▸ What you are asked to do
Using the material below, print a verbatim copy of every line from the one containing "A picture showing" through the one containing "(인천=포커스뉴스) 4일 인천선학체육관에서", inclusive, and omit the pictures.

▸ Input material
● ● ●

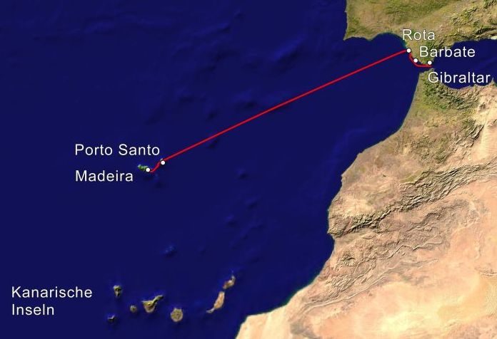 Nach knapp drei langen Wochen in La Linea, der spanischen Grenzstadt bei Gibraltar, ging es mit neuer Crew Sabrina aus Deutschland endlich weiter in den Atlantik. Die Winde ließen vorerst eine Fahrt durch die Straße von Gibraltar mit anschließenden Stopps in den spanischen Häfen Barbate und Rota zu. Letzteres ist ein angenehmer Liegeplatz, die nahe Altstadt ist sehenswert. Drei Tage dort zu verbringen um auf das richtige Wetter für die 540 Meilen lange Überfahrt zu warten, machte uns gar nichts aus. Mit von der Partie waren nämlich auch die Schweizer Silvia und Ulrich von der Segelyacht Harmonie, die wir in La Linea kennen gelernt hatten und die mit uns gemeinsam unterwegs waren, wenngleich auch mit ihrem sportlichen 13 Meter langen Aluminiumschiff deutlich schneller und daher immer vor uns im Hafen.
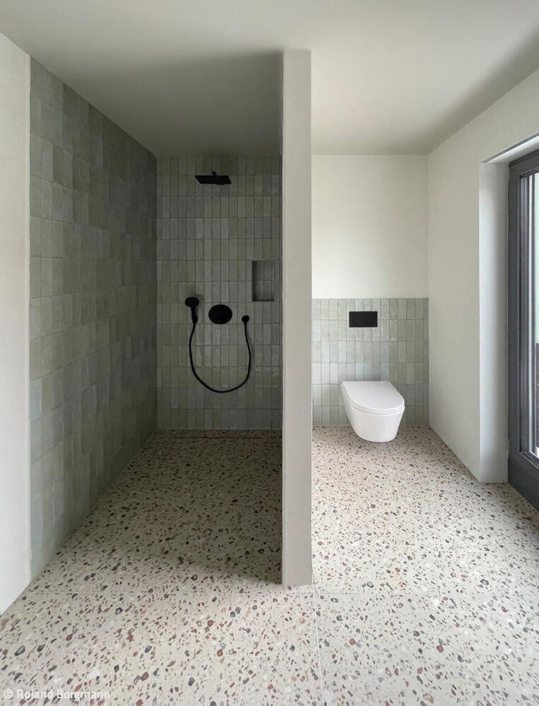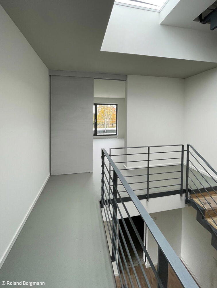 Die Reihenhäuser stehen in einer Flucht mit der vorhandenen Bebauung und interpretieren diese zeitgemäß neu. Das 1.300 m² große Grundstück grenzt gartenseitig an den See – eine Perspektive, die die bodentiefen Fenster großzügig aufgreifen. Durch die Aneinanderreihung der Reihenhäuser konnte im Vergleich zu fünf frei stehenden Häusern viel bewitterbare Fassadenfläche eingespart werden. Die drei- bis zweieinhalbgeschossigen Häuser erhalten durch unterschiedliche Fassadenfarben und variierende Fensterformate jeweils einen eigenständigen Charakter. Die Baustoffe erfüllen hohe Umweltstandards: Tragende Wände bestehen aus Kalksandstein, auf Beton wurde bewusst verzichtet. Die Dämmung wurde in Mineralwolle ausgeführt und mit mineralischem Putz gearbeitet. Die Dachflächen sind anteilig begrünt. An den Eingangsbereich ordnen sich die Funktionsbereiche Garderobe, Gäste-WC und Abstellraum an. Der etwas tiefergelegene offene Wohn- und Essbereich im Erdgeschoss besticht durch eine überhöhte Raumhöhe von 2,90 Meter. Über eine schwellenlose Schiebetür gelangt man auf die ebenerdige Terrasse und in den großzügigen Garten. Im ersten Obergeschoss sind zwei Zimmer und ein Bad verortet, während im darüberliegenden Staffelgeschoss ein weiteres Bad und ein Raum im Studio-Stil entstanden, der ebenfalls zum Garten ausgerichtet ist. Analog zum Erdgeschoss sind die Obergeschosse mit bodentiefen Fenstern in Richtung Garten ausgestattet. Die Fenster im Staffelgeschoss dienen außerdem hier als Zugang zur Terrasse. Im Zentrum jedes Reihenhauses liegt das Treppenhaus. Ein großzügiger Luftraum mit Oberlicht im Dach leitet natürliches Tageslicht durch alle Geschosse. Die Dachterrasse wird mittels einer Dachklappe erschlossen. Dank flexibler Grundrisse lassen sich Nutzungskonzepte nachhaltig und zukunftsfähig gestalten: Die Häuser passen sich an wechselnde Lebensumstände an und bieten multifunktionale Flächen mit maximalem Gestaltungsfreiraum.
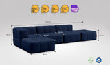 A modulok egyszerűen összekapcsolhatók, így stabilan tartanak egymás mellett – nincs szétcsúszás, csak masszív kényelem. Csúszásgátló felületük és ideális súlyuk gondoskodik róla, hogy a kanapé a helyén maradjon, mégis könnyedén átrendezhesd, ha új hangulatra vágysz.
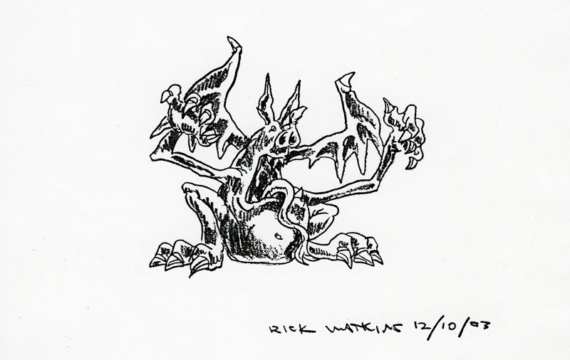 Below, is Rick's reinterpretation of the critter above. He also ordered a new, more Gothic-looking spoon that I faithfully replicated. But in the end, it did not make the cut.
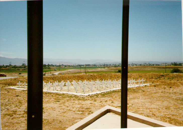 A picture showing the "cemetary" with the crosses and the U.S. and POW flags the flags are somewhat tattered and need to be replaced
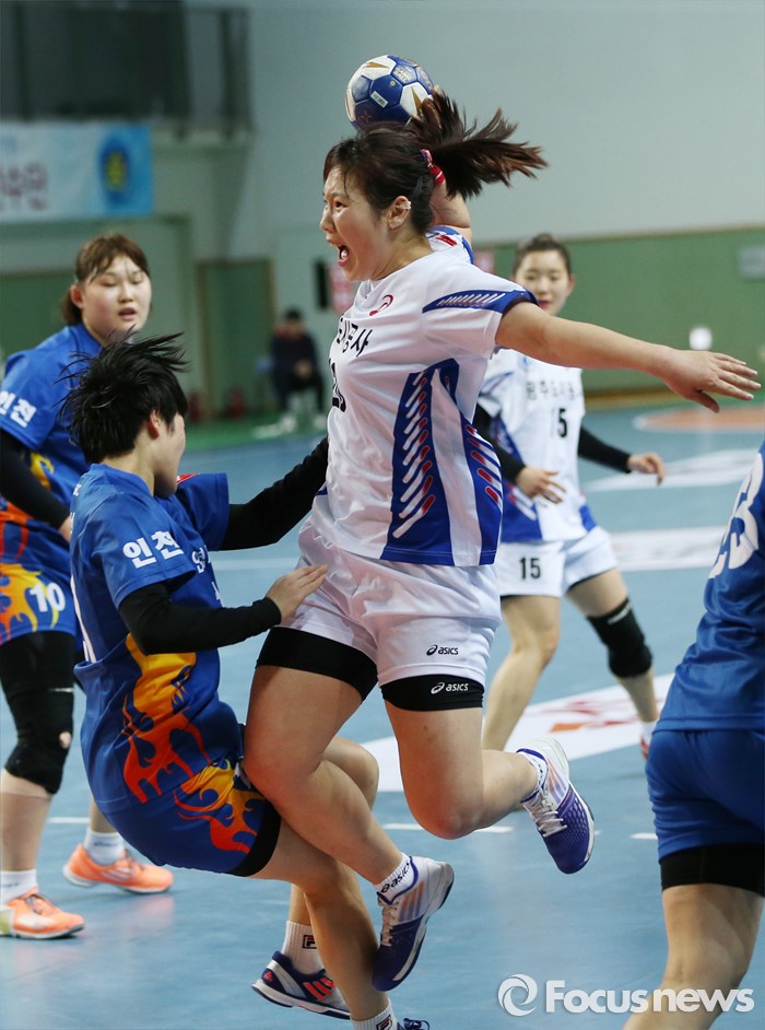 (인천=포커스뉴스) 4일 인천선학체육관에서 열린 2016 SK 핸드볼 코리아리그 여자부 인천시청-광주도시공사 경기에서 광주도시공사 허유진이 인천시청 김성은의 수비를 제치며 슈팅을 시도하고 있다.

● ● ●

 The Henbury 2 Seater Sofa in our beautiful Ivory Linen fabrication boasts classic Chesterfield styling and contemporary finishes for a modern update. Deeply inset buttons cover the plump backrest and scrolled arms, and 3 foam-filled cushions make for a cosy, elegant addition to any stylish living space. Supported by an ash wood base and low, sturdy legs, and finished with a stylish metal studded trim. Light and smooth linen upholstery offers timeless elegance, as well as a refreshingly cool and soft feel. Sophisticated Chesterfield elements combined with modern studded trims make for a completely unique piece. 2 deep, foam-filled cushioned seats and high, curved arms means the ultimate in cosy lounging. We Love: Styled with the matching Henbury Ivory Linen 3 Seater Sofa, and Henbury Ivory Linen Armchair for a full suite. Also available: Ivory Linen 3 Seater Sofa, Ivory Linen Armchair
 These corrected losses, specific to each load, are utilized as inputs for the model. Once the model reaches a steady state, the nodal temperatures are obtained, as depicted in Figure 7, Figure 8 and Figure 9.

● ● ●

▸ Response below
 A picture showing the "cemetary" with the crosses and the U.S. and POW flags the flags are somewhat tattered and need to be replaced
 (인천=포커스뉴스) 4일 인천선학체육관에서 열린 2016 SK 핸드볼 코리아리그 여자부 인천시청-광주도시공사 경기에서 광주도시공사 허유진이 인천시청 김성은의 수비를 제치며 슈팅을 시도하고 있다.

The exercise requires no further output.